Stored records
╭──
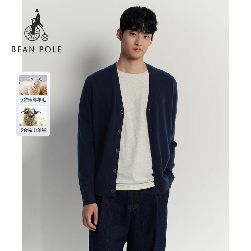含山羊绒BEANPOLE滨波春季男士休闲v领通勤多色基础长袖开襟毛衫
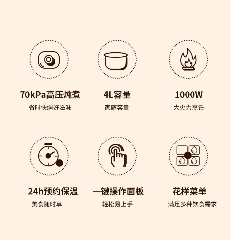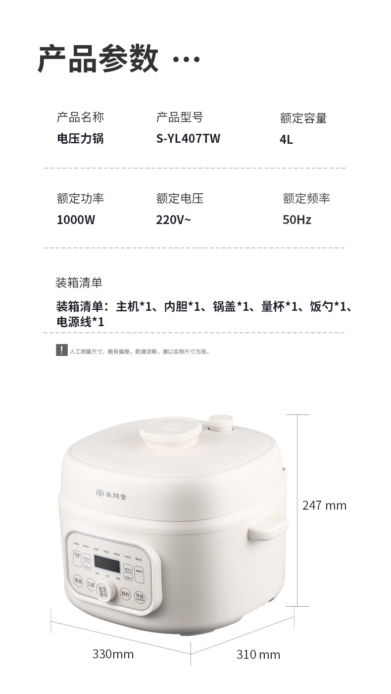 商品名称:(世星阳光)+尚朋堂 智能电压力锅 4L 家用多功能煲汤煮饭高压锅
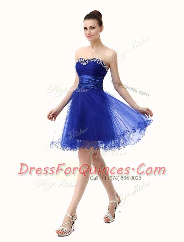 Stunning Royal Blue Dress for Prom Prom and Party and For with Ruffled Layers and Sequins and Ruching Sweetheart Sleeveless Lace Up
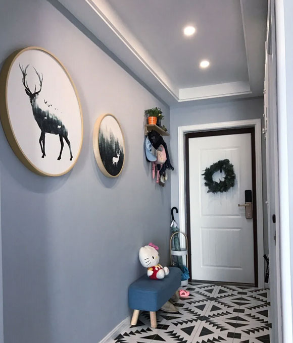 入户过道是进入家中的第一道风景线,采用蓝灰色乳胶漆来装饰过道的墙面,再配上白色的门洞、踢脚线,让人一进门就能感受到北欧风设计的温馨与惬意。
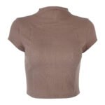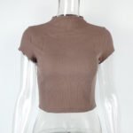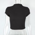 European and American low-cut fitted top for women, 2023 Amazon summer new style, fitted outerwear with spliced design, semi-high collar, short sleeves t-shirt
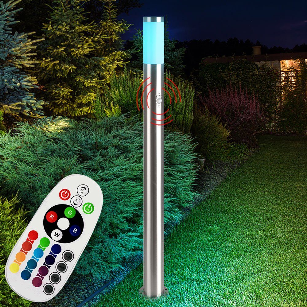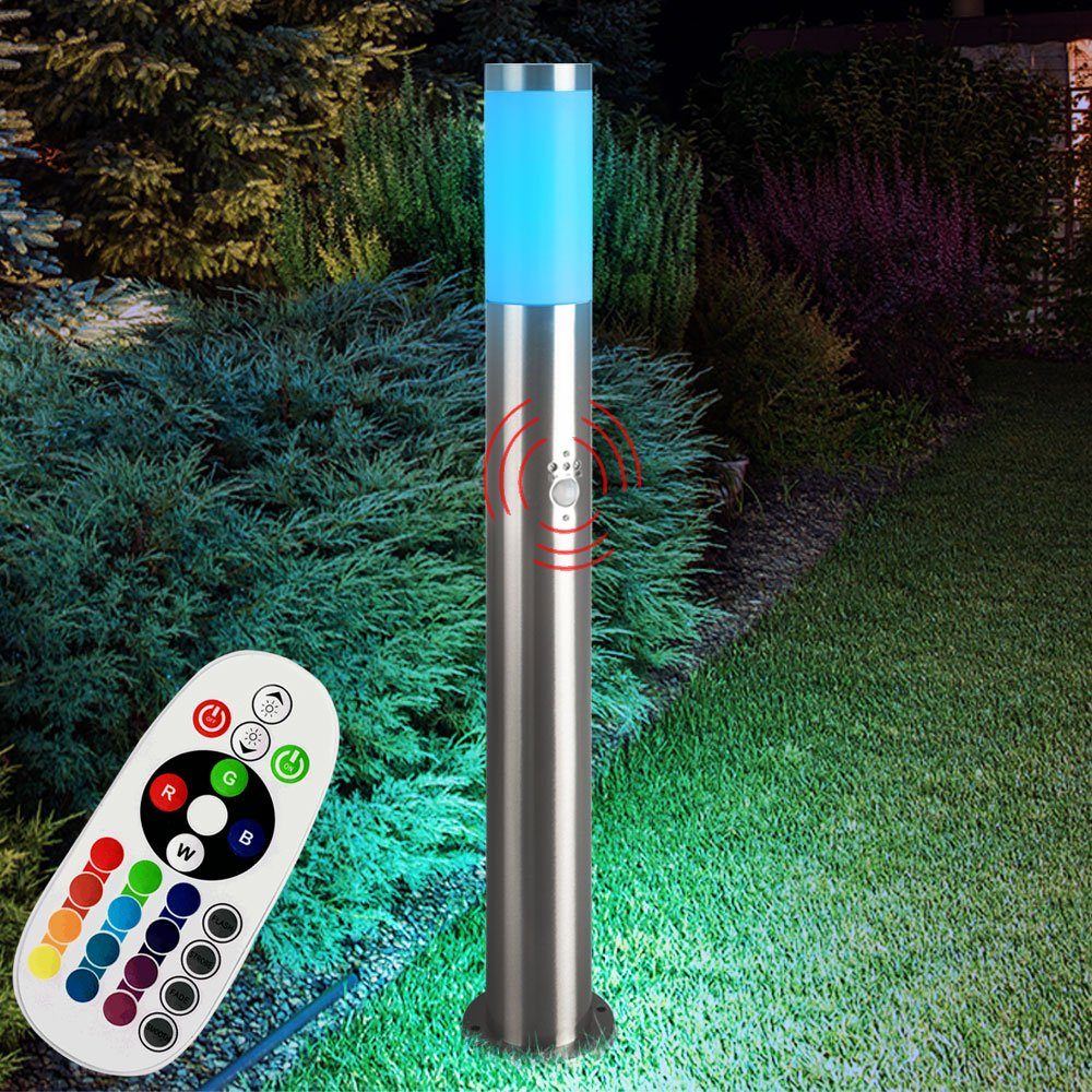 Stehleuchten aus Edelstahl für den Außenbereich.
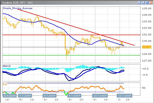 Пара встретила локальную поддержку у отметки 127.70, которая вероятно, станет завершением нисходящего тренда. Результатом текущей тенденции может стать рост цен к уровню сопротивления 130.90, после чего ожидается откат. В настоящий момент активность быков выросла, целью среднесрочного роста является заявленный уровень. Индикаторы начали сигнализировать об ослаблении восходящей коррекции, динамика моментума, который иллюстрирован индикаторами на графике, согласуется с ценовым графиком, что говорит об отсутствии необоснованных ценовых бросков. На часовом графике осциллятор MACD демонстрирует медвежьи краткосрочные настроения, гистограмма пересекла нулевую ось, в то время как скользящие средние индикатора также пересекаются в нисходящем направлении. График индикатора RSI пересек среднюю линию в нисходящем направлении, также подавая сигнал к продаже. Ожидается еще одно тестирование уровня поддержки, после чего рост может возобновиться.
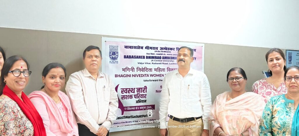 सूर्योदय भारत समाचार सेवा, लखनऊ : बाबासाहेब भीमराव अम्बेडकर विश्वविद्यालय, लखनऊ में मंगलवार 23 सितंबर को राष्ट्रीय आयुर्वेद दिवस के उपलक्ष्य में एक विशेष आयुर्वेदिक शिविर का आयोजन किया गया। यह शिविर विश्वविद्यालय स्वास्थ्य केंद्र, बीबीएयू एवं ओम आयुर्वेदिक केंद्र के संयुक्त तत्वावधान में आयोजित हुआ। जिसमें भगिनी निवेदिता महिला विकास प्रकोष्ठ, बीबीएयू की भी सक्रिय भागीदारी रही। इस अवसर पर प्रख्यात आयुर्वेदिक चिकित्सक डॉ. एस. के. पाण्डेय, विश्वविद्यालय के मुख्य चिकित्सा अधिकारी डॉ. विकास श्रीवास्तव, भगिनी निवेदिता महिला विकास प्रकोष्ठ की चेयरपर्सन प्रो. सुमन मिश्रा, चिकित्सा अधिकारी डॉ. हर्षिता सिंह विशेष रूप से उपस्थित रहीं। कार्यक्रम में अनेक विद्यार्थी, शोधार्थी, शिक्षकगण एवं कर्मचारीगण सम्मिलित हुए।
╰──
Exercise - The answer must be an exact copy of the lines from the start of the records above through the line containing "Пара встретила локальную", with no pictures in it.

Exercise result -
含山羊绒BEANPOLE滨波春季男士休闲v领通勤多色基础长袖开襟毛衫
 商品名称:(世星阳光)+尚朋堂 智能电压力锅 4L 家用多功能煲汤煮饭高压锅
 Stunning Royal Blue Dress for Prom Prom and Party and For with Ruffled Layers and Sequins and Ruching Sweetheart Sleeveless Lace Up
 入户过道是进入家中的第一道风景线,采用蓝灰色乳胶漆来装饰过道的墙面,再配上白色的门洞、踢脚线,让人一进门就能感受到北欧风设计的温馨与惬意。
 European and American low-cut fitted top for women, 2023 Amazon summer new style, fitted outerwear with spliced design, semi-high collar, short sleeves t-shirt
 Stehleuchten aus Edelstahl für den Außenbereich.
 Пара встретила локальную поддержку у отметки 127.70, которая вероятно, станет завершением нисходящего тренда. Результатом текущей тенденции может стать рост цен к уровню сопротивления 130.90, после чего ожидается откат. В настоящий момент активность быков выросла, целью среднесрочного роста является заявленный уровень. Индикаторы начали сигнализировать об ослаблении восходящей коррекции, динамика моментума, который иллюстрирован индикаторами на графике, согласуется с ценовым графиком, что говорит об отсутствии необоснованных ценовых бросков. На часовом графике осциллятор MACD демонстрирует медвежьи краткосрочные настроения, гистограмма пересекла нулевую ось, в то время как скользящие средние индикатора также пересекаются в нисходящем направлении. График индикатора RSI пересек среднюю линию в нисходящем направлении, также подавая сигнал к продаже. Ожидается еще одно тестирование уровня поддержки, после чего рост может возобновиться.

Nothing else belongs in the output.